DatetimeIndex(['1982-01-01', '1982-01-02', '1982-01-03', '1982-01-04',
               '1982-01-05', '1982-01-06', '1982-01-07', '1982-01-08',
               '1982-01-09', '1982-01-10'],
              dtype='datetime64[ns]', freq='D')


Great, we have our dates. Now we want to create a Python format string that we can fill with each of the dates in our `dates` list. For OISST that url looks like this:

In [7]:
input_url_pattern = (
    'https://www.ncei.noaa.gov/data/sea-surface-temperature-optimum-interpolation/'
    'v2.1/access/avhrr/{yyyymm}/oisst-avhrr-v02r01.{yyyymmdd}.nc'
    )

We have subsituted the parts of the URL that change with `{}`. The `{}` allow us to use pythons `.format()` function for strings and the `.strftime()` method for datetime objects to create each file's url. For example, we could create the format string for the first day of the dataset like this:

In [8]:
input_url_pattern.format(
    yyyymm=dates[0].strftime('%Y%m'), yyyymmdd=dates[0].strftime('%Y%m%d')
)

'https://www.ncei.noaa.gov/data/sea-surface-temperature-optimum-interpolation/v2.1/access/avhrr/198201/oisst-avhrr-v02r01.19820101.nc'

We created a url for the first file! You can view a reference for the the `.strftime()` format specifiers [here](https://strftime.org/).

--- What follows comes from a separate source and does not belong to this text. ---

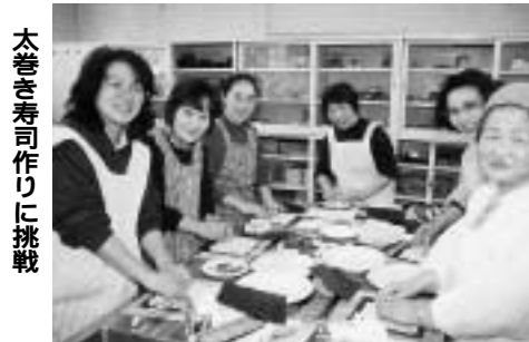
大巻き寿司作りに挑戦

「ういはん」の良さを見直そう 毎年好評の大巻き寿司教室を、ことしも二月二十日に市内三会場で開催します。 この教室は、日本人の主食の「ごはん」の良さを見直してもらい、もつとお米をたくさん食べてもらおうと、市農家生活研究会の方を講師に招いて行われるものです。 あなたもこの教室に参加して、色鮮やかな絵柄の大巻き寿司を作ってみませんか。 日時：2月20日(水)10時～14時 会場：①南流山センター ②初石公民館 ③東部公民館 対象/定員：市民/各30人(多数抽選) 参加費：500円 申し込み：往復八ガキに「大巻き寿司教室参加希望」、住所、氏名(ハガキ1枚につき1人)、電話番号、希望会場を明記(返信用にも住所、氏名を記入)し、1月31日(必着)までに〒270 019 2流山市役所農政課へ 問農政課☎50 6086

### Create a list of all the dataset urls

Now let's put these pieces together - the `dates` sequence, the `input_url_pattern` format string, and the `.format()` function - into a list comprehension to create the urls for all the files in 1 month of the OISST dataset.

In [10]:
dates = pd.date_range('1990-06-01', '1990-06-30', freq='D')
input_urls = [
    input_url_pattern.format(
        yyyymm=day.strftime('%Y%m'), yyyymmdd=day.strftime('%Y%m%d')
    )
    for day in dates
]

In [16]:
print(input_urls[:5])

['https://www.ncei.noaa.gov/data/sea-surface-temperature-optimum-interpolation/v2.1/access/avhrr/199006/oisst-avhrr-v02r01.19900601.nc', 'https://www.ncei.noaa.gov/data/sea-surface-temperature-optimum-interpolation/v2.1/access/avhrr/199006/oisst-avhrr-v02r01.19900602.nc', 'https://www.ncei.noaa.gov/data/sea-surface-temperature-optimum-interpolation/v2.1/access/avhrr/199006/oisst-avhrr-v02r01.19900603.nc', 'https://www.ncei.noaa.gov/data/sea-surface-temperature-optimum-interpolation/v2.1/access/avhrr/199006/oisst-avhrr-v02r01.19900604.nc', 'https://www.ncei.noaa.gov/data/sea-surface-temperature-optimum-interpolation/v2.1/access/avhrr/199006/oisst-avhrr-v02r01.19900605.nc']

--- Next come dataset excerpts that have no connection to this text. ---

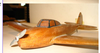
Maquette du MS600??
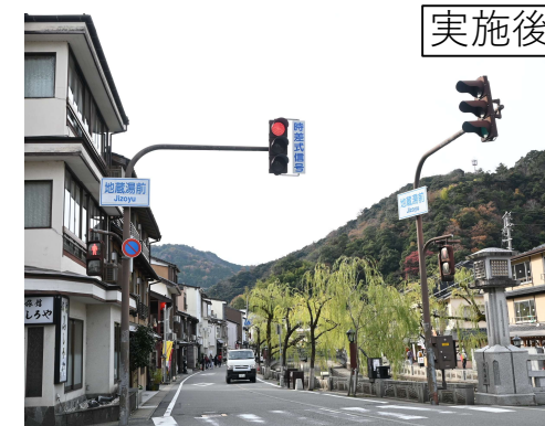
県道 豊岡竹野線 II 工区 (豊岡市)
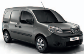
Éjféli szürke (KPW)
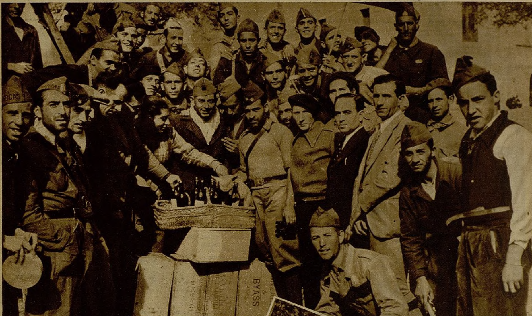
El Consejo Obrero de AHORA se trasladó el domingo a uno de los frentes de la Sierra, con objeto de obsequiar a los valientes milicianos de Artes Gráficas con cajas de vino y ejemplares de nuestro periódico.
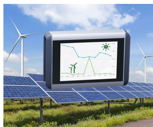
Smart meter for wind power and solar systems
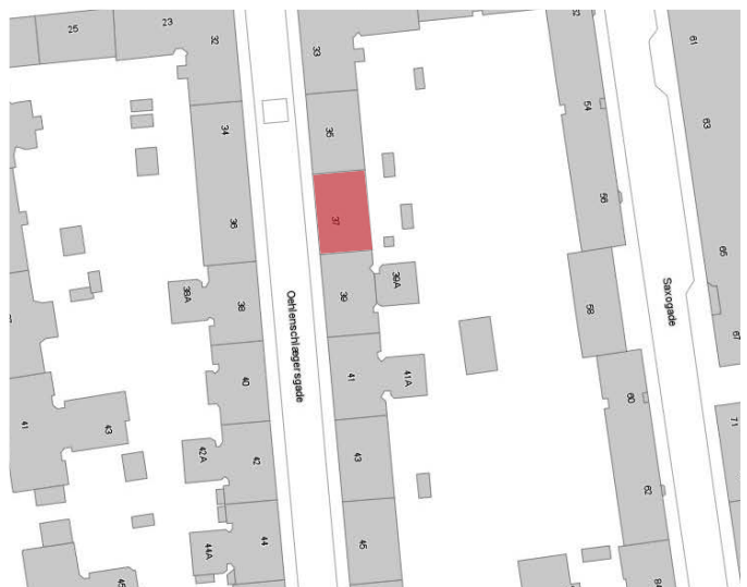
Ejendommen ligger i bydelen Vesterbro / Kgs. Enghave

There we have it!  A list of urls for the OISST dataset.

### Create the File Pattern object

Now we return to our `pattern_from_file_sequence` function. The implementation looks like this:

In [13]:
from pangeo_forge_recipes.patterns import pattern_from_file_sequence

In [14]:
pattern = pattern_from_file_sequence(input_urls, 'time', nitems_per_file=1)

The inputs are:
* `input_urls` - the list of file urls we just created
* `'time'` - indicates which variable is changing between files
* `nitems_per_file` - specifies that each OISST file contains a single timestep

In [15]:
pattern

<FilePattern {'time': 30}>

_Question for Charles -- is another way to look at this?_

## Defining a Recipe Class

Now that we have our File Pattern object the Recipe Class comes pretty easily. In this tutorial we want to convert our dataset to zarr, so we will use the `XarrayZarrRecipe` class.  All we need to do to create the object is input:
1. the FilePattern object
2. indicate how many files should go into a single chunk

In [17]:
from pangeo_forge_recipes.recipes import XarrayZarrRecipe

In [18]:
recipe = XarrayZarrRecipe(pattern, inputs_per_chunk=10)

In [19]:
recipe

XarrayZarrRecipe(file_pattern=<FilePattern {'time': 30}>, inputs_per_chunk=10, target_chunks={}, target=None, input_cache=None, metadata_cache=None, cache_inputs=True, copy_input_to_local_file=False, consolidate_zarr=True, consolidate_dimension_coordinates=True, xarray_open_kwargs={}, xarray_concat_kwargs={}, delete_input_encoding=True, process_input=None, process_chunk=None, lock_timeout=None, subset_inputs={}, open_input_with_fsspec_reference=False)

TODO - how to read the repr

And there you have your first recipe object! This object holds all the information about the dataset that it needs to run.

In part 2 of the tutorial we will use our recipe to convert some data locally.